Ethan Kurzweil of Bessemer Venture Partners joins Nick to cover Developer Platform Investing, Part 1. We will address questions including:
- What it means for a startup to have a developer platform focus
- Why Ethan has chosen to focus in this area
- The history of the developer platforms, over the past couple decades
- The different types of developer platforms
- Examples of companies that have: built platforms for developers
- An example or two of companies that have “developerized the enterprise,” giving non-coders powerful dev tools
- How Developer-focused businesses can be marketed like consumer startups, but make money like enterprise companies
- Ethan on Twitter
- Bessemer Venture Partners, Developer Platforms
- Evolution of Developer Platforms
- Part 2 of the interview
Nick: Today #Ethan Kurzweil joins us from Menlo Park, California. #Ethan is a Partner at #Bessemer Venture Partners, where he focuses on investments in consumer technologies and developer platforms. And #Ethan has invested in companies including #Twitch, #Periscope, #Dropcam, #Twilio, #Sendgrid, #Intercom and many more. #Ethan, thank you for joining us!
Ethan: Thanks for having me, #Nick! Good to be with you! I’m actually joining you from San Fransisco.
Nick: Oh okay, you’re in San Fransisco.
Ethan: Yes, up in San Fransisco today.
Nick: Got it. Okay. Well, today we’re talking about developer platforms and dev focused companies. But to start off, can you kind of walk us through your story and how you became involved in venture?
Ethan: Yeah, absolutely. I actually pitched #Bessemer on a company, back in early 2008, a company idea I should say. I was rolling off, I was involved with #Linden Lab, which was the company behind #Second Life back when they had their hay day in, you know, 2007 – 2008. And I had an idea for a concept that involved some of the virtual world stuff I was working on at #Linden. Pitched an investor at #Bessemer, #David Cowan, and he talked me out of that idea pretty quickly and talked me into becoming a venture capital associate. And I joined #Bessemer 8 years ago. The rest is sort of history.

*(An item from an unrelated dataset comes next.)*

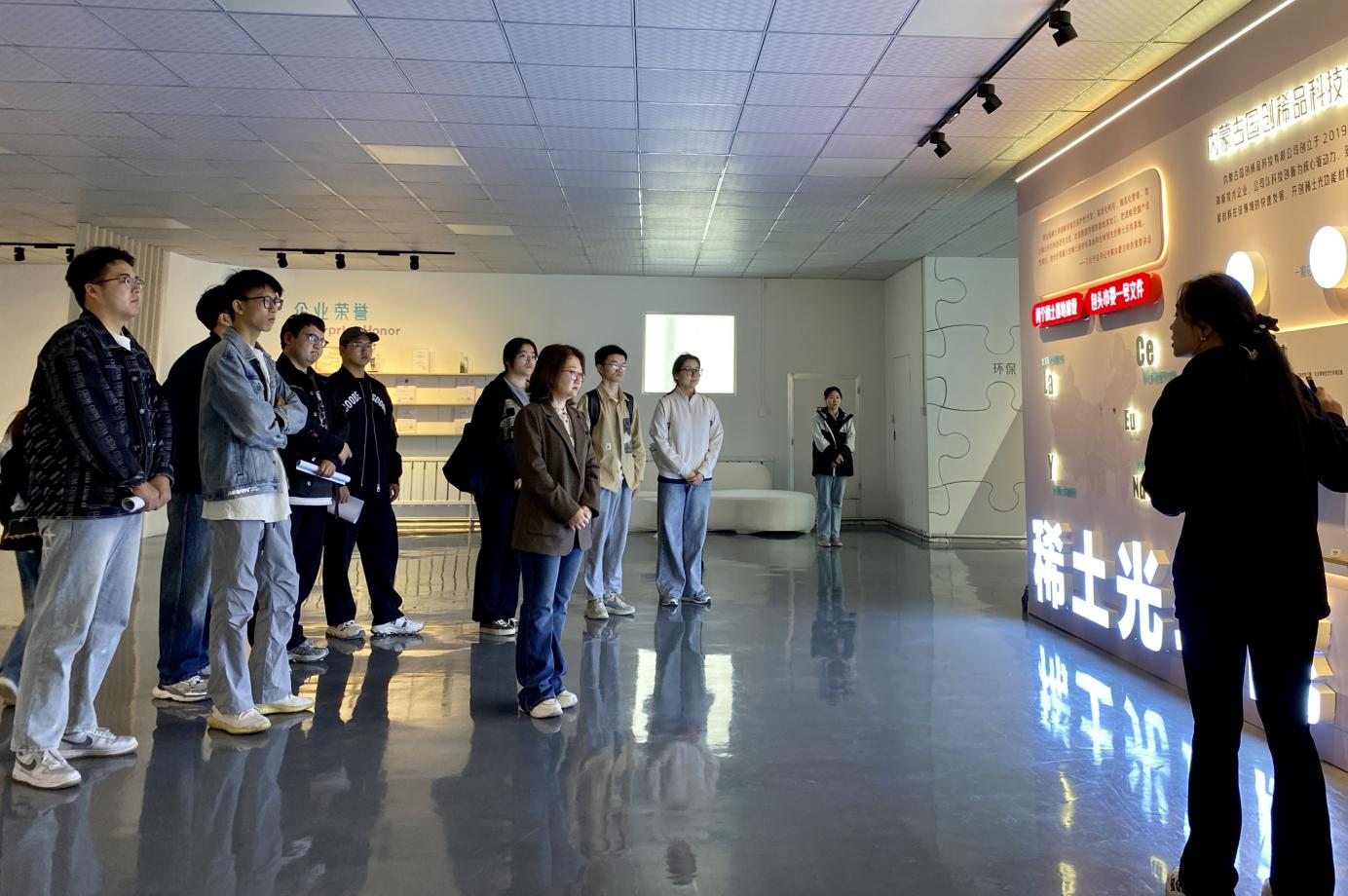 在企业负责人的带领下,师生依次参观企业展厅、生产车间、办公生活等区域,近距离了解了企业稀土光功能材料与终端应用的研发,涵盖稀土光转化、稀土发光、稀土光显色三大领域,体验了稀土RES彩色墨水屏系列等终端应用产品。通过实地参观、座谈交流等方式,详细了解了企业的发展状况、业务范围以及人才需求,使员工们实际感受了真实职场环境。

Nick: And, you know, I’ve read the bio and #Justin Label, who was courteous enough to introduce us, kind of gave me a, a good profile on what you do. But would you be willing to kind of talk through your focus areas and, and what you’re focused on at #Bessemer?
Ethan: Sure, absolutely. I sort of have two split personalities as it relates to my world at #Bessemer. One, as you said, is consumer technology, specifically video, looked at a lot of video concepts and we continue to look at this tremendous amount of consumer viewing attention moving from television to online video and what does that mean and what are the next platforms that are going to be created there. And so that, you know, has led me to do investments like #Twitch and #Periscope that you mentioned and some others. That’s one half of my world. And then I think specific to what we’re going to be talking about for the rest of the hour is developer platforms and companies that take advantage of the developer as the buying agent or developer like activities in the enterprise that allows companies to sell pretty efficiently to technical people or business users that are, that obviate the need for technical people and be able to provide specialized skill sets like communications, security, email delivery, things like that.
Nick: Yeah, and on that point, can you talk a little more about what it means for a startup to have a developer platform focus?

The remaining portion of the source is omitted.